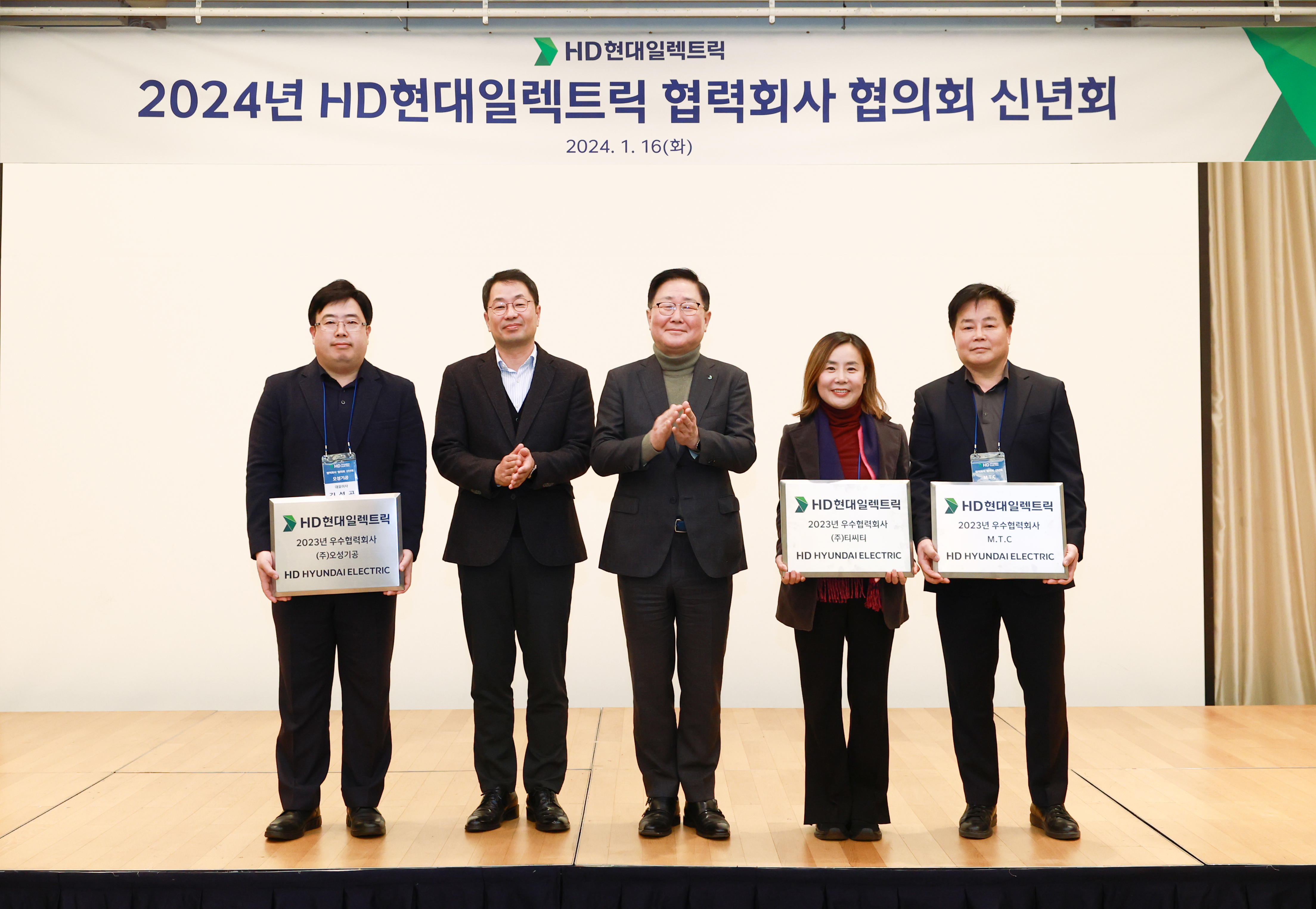 우리 회사는 지난 16일 협력회사 협의회 신년회를 개최했습니다. 이날 행사에는 조석 사장 이하 경영진이 참석했고, 협력회사 협의회 46개 사 대표들도 자리를 빛냈습니다. 조석 사장은 우수협력회사 5개 사를 포상하며, 지난 한 해의 노고를 치하했습니다. 24년에도 HD현대일렉트릭과 협력회사들이 만들어 나갈 희망찬 미래를 응원해주세요.
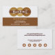 Trois bagels graphiques sont représentés sur ce carte de visite. Ils s'impriment l'un l'autre avec une légère transparence et un panneau avec le nom de l'entreprise traversant les trous. Les couleurs dorées imitent les bagels avec des points ajoutés pour ajouter la suggestion d'un bagel de sel et de graines de pavot. L'information Customisée s'imprime ci-dessous contre le brun riche. Utilisez l'inverse comme carte de récompense pour la fidélité de votre client. Disponible avec les produits correspondants.
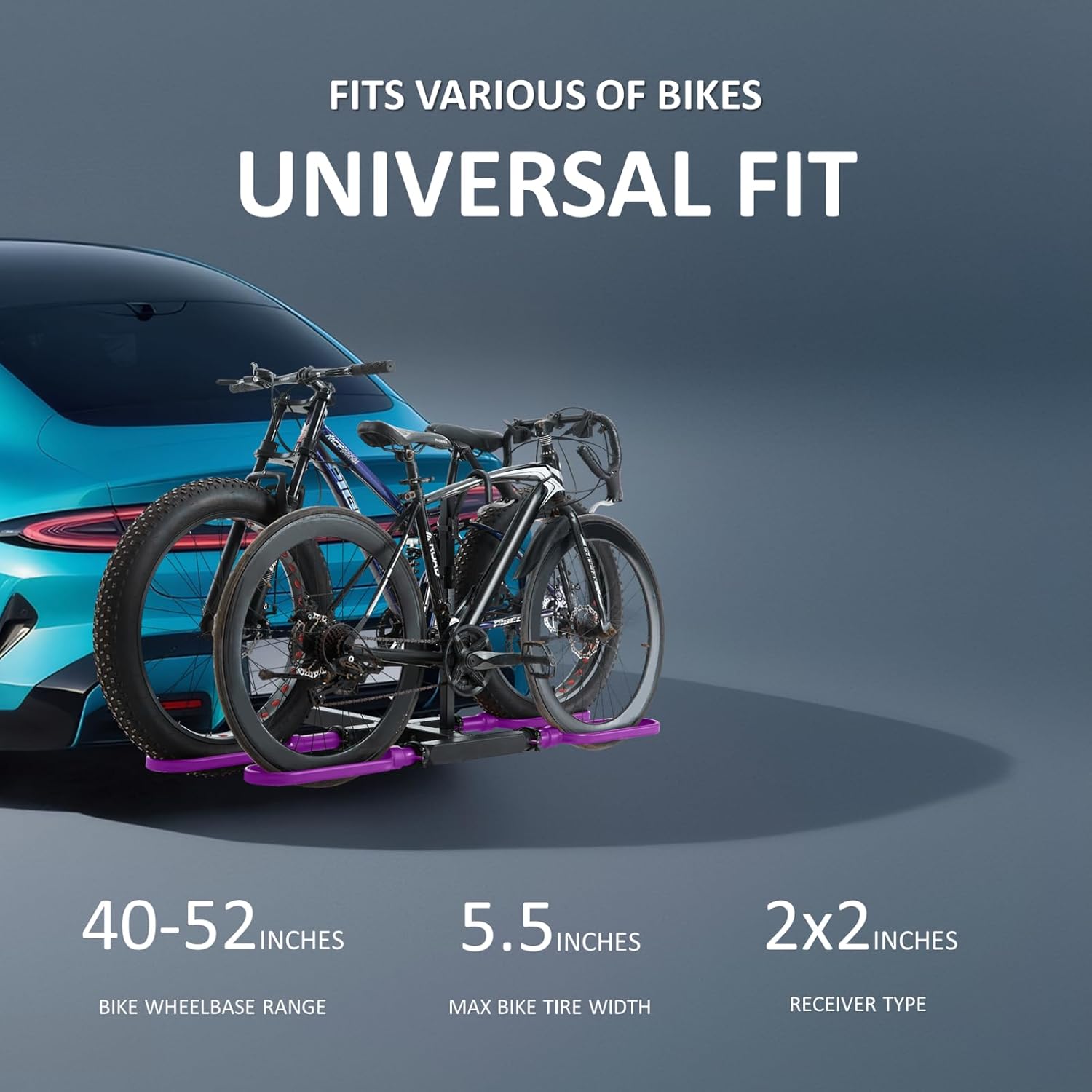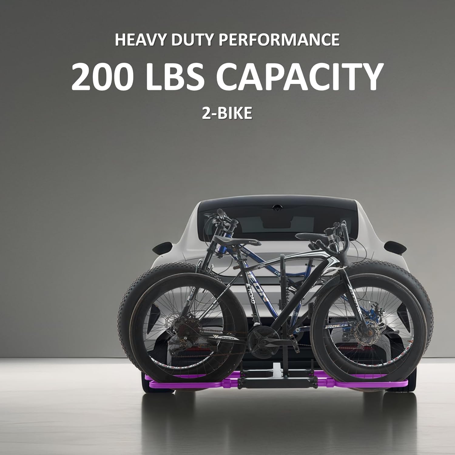 Ebike Rack for Tow Hitch, Ebike Carrier Hitch Mount 2 Bike, Electric Bike Rack for Car Hitch with 2-Inch Receiver (2 Bike - 200 Lbs Cap - Purple)

▶ _TASK_
Please repeat the data verbatim and leave the pictures out of your copy.

▶ _RESPONSE AREA_
 우리 회사는 지난 16일 협력회사 협의회 신년회를 개최했습니다. 이날 행사에는 조석 사장 이하 경영진이 참석했고, 협력회사 협의회 46개 사 대표들도 자리를 빛냈습니다. 조석 사장은 우수협력회사 5개 사를 포상하며, 지난 한 해의 노고를 치하했습니다. 24년에도 HD현대일렉트릭과 협력회사들이 만들어 나갈 희망찬 미래를 응원해주세요.
 Trois bagels graphiques sont représentés sur ce carte de visite. Ils s'impriment l'un l'autre avec une légère transparence et un panneau avec le nom de l'entreprise traversant les trous. Les couleurs dorées imitent les bagels avec des points ajoutés pour ajouter la suggestion d'un bagel de sel et de graines de pavot. L'information Customisée s'imprime ci-dessous contre le brun riche. Utilisez l'inverse comme carte de récompense pour la fidélité de votre client. Disponible avec les produits correspondants.
 Ebike Rack for Tow Hitch, Ebike Carrier Hitch Mount 2 Bike, Electric Bike Rack for Car Hitch with 2-Inch Receiver (2 Bike - 200 Lbs Cap - Purple)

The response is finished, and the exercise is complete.